- Directed by: Fanta Régina Nacro
- Written by: Fanta Régina Nacro
- Produced by: Les Films du Défi
- Starring: Abdoulaye Komboudri Andromaque Nacro Hyppolite Ouangrawa
- Cinematography: Catherine Sebag
- Music by: Aline Robel
- Release date: 1991;
- Running time: 13 min.
- Country: Burkina Faso

= Un Certain Matin =

1991 Burkinese short film

Un Certain Matin (A Certain Morning) is a 1991 Burkinabé short film directed by Fanta Régina Nacro and produced by Les Films du Défi. It stars Abdoulaye Komboudri, Andromaque Nacro and Hyppolite Ouangrawa.

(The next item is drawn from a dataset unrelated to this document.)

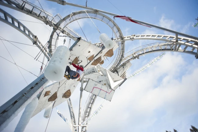 Concurenţii trebuie să escaladeze structuri artificiale înalte de 25 de metri, un fel de panouri imense, acoperite parţial cu gheaţă, menţinută cu un sistem special de refrigerare.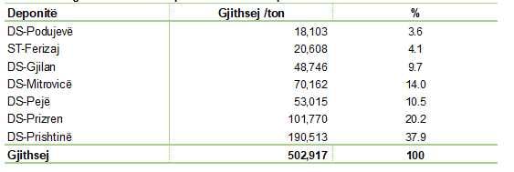 Deponia sanitare në Prishtinë (Mirash) ka pranuar sasinë më të madhe – 190 mijë e 513 ton, që përbën pothuajse 38% të totalit në nivel vendi.

It is the first fiction film by a Burkinabé woman. The film was first screened at the 1992 Carthage Film Festival. The film received positive reviews and won several awards at international film festivals.

==Cast==
- Abdoulaye Komboudri
- Andromaque Nacro
- Hyppolite Ouangrawa

== Awards and honours ==
- Tanit d'Or Award at Carthage Film Festival in 1992.
- Licorne d'Or Award at Amiens Film Festival in 1992.
- First Prize Air Afrique at Milan Film Festival in 1993.